Blade Runner: The Greatest Story Ever Told
The film is actually a story about the rogue replicant Roy Batty, played by the actor Rutger Hauer. Roy Batty is the leader of a gang of replicants that Deckard is sent to catch and terminate after the first Blade Runner, Detective Holden, is wounded at the beginning of the film. Batty resembles the main character in Sumerian classic – Gilgamesh, a heroic demi-god who is also a king of Sumer. Batty’s chief supporter is the powerful replicant Leon, whose strength is displayed on several noticeable moments during the film (like when he wounds Holden and confronts Deckard). Leon is like the supporting character Enkidu in the Sumerian legend, a powerful man who’s an aide to Gilgamesh throughout the first half of the story.

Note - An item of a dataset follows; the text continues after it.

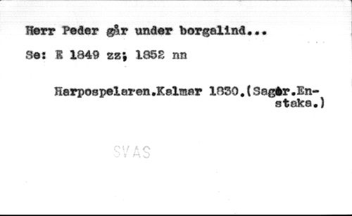 Herr Peder g&r under borgalind... //// Se: 1 1849 zz'9 135£ nn //// Herpospelaren .Kalmar 1830.(3agir.Enst oks.)

Gilgamesh is out to seek immortality, just like how Roy Batty is trying to gain immortality, or at the very least, he is seeking to have an increase in his limited life (he is approaching the 4 year failsafe that will trigger his ‘death’). Not to mention that Batty is, in fact, a type of demi-god just like Gilgamesh. The search for immortality is one of the enduring testaments of human life. As one priest ironically said about death, “Why worry? Worry about death, and you will die. Don’t worry about death, and you will die. So why worry about death?” Gilgamesh, with Enkidu by his side, seeks out immortality and in this journey, Enkidu is killed and Gilgamesh loses his only true friend as a result of his egoism precisely half way through the story. Half way through the film, Leon, who is working with Batty and seeking life, questions himself when he confronts Deckard in the streets. While he is stronger than Deckard and nearly kills him, he is killed by the heroine Rachael, thus saving Deckard in the process. With Leon’s death, Batty loses his most powerful ally in his quest to achieve a new lot on life just as Gilgamesh did with the loss of Enkidu.